Because the presence of cilia and variance in length depend on the strength of the Arl13b-mCherry signal, it was important to confirm that the fluorescence indeed corresponds with the full length of primary cilia. In addition to Arl13b, type III adenylyl cyclase (AC3) localizes to cilia throughout the mouse brain and is thus used as prominent marker for primary cilia (Bishop et al., 2007). Brain sections from Arl13b-mCherry; Centrin2-GFP mice were immunostained for AC3, and the Arl13b-mCherry signal was compared to the AC3 staining (Figure 1j). We found that Arl13b-mCherry generally overlapped with AC3 staining at all developmental stages of the SC (n = 344 Arl13b, n = 348 AC3 total cilia counted) (Figure 1k). It should be noted that co-expression was smallest at P33/38, when 25% of cilia expressing AC3 did not express Arl13b, and that this percentage dropped to a low of 6% upon reaching adulthood.

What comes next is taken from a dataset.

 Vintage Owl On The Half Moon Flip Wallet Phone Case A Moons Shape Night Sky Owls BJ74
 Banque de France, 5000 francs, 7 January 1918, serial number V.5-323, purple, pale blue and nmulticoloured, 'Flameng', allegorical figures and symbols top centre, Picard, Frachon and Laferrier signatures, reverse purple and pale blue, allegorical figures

Likewise, the percentage of cilia that expressed only Arl13b fell from 13% to 5% by P77. Additionally, cilia lengths identified by Arl13b and AC3 signals were also compared: an AC3 to Arl13b ratio less than one would indicate that Arl13b extended further along the axoneme than AC3 within the same cilia; a ratio approaching 1 would represent an almost complete overlap between AC3 and Arl13b along the entire length of the ciliary axoneme; and a ratio of 2 or greater would indicate cells in which AC3 extended further than Arl13b. We found that the AC3 to Arl13b cilia length ratio approached 1 as the mouse matured from P15 to P77: from 55% to 67% (n = 40 P15, n = 61 P77 cells compared) (Figure 1l). P4 staining was not compared because AC3 signal was inconclusive at this timepoint.

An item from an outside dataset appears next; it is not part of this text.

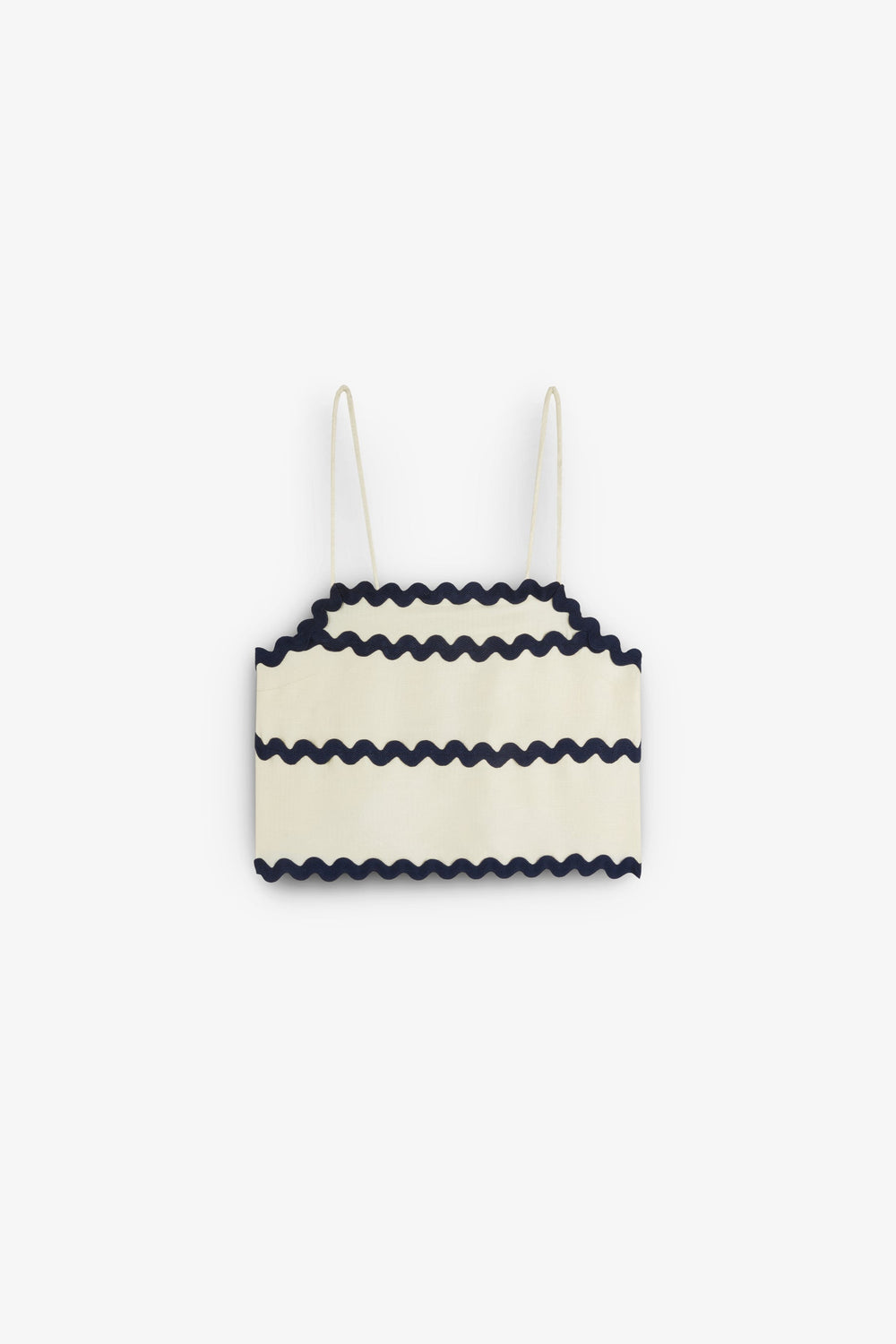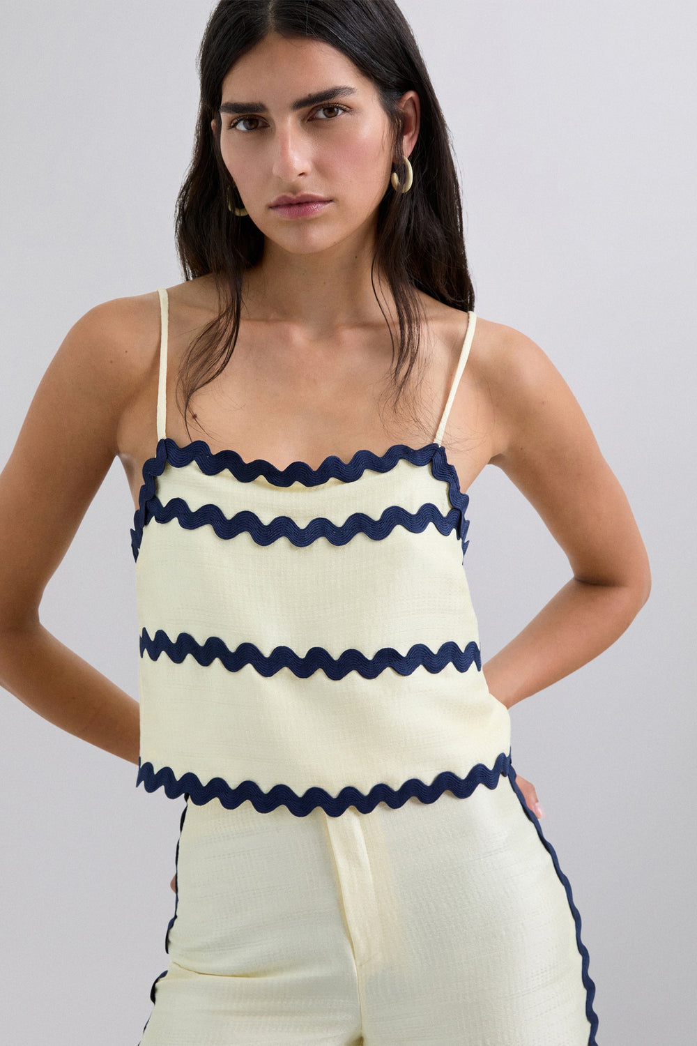 Top com alças finas e decote direito Pormenor ondulado em contraste. Corte cropped.

Ciliation decreased and ciliary length altered in the dorsal lateral geniculate nucleus of the maturing mouse brain

In addition to the SC, sections of the dLGN from Arl13b-mCherry; Centrin2-GFP double transgenic mice were also examined for ciliation at ages P4, P15, P33, and P77 (Figure 2ad). Total ciliation decreased as maturation increased: from 59.6 ± 0.1% SEM at P4 to 28.5 ± 3.2% at P77 (p < 0.05) (n = 382 P4, n = 87 P15, n = 211 P33, n = 574 P77 total cells counted) (Figure 2e). Furthermore, the distribution of cilia length became wider in the dLGN of older mice: the length of most cilia remained less than 9μm at P4 but became more widely distributed between 0 and 15μm at P15, P33, and P77 (Figure 2f,g). Difference in average cilia length between timepoints was not significant (p = 0.6842) (n = 87 P4, n = 34 P15, n = 48 P33/38, n = 85 P77 total cilia measured) (Figure 5d). AC3 and Arl13b signals were also compared in the dLGN of these mice (Figure 2h). AC3 and Arl13b overlapped most of the time at all developmental stages (n = 169 Arl13b, n = 180 AC3 total cilia counted) (Figure 2i). Co-expression was lowest at P15, when 21% of cilia expressing AC3 did not express Arl13b, and decreased to a more consistent level of 11–12% as the mouse matured to P33 and P77. Moreover, comparison of ciliary lengths demonstrated by AC3 and Arl13b revealed that more cells exhibited an AC3-Arl13b ciliary length ratio approaching 1 at P77 while the ratio was more widely distributed at P15 (n = 38 P15, n = 61 P46 cells compared) (Figure 2j).

Figure 2.

Figure 2.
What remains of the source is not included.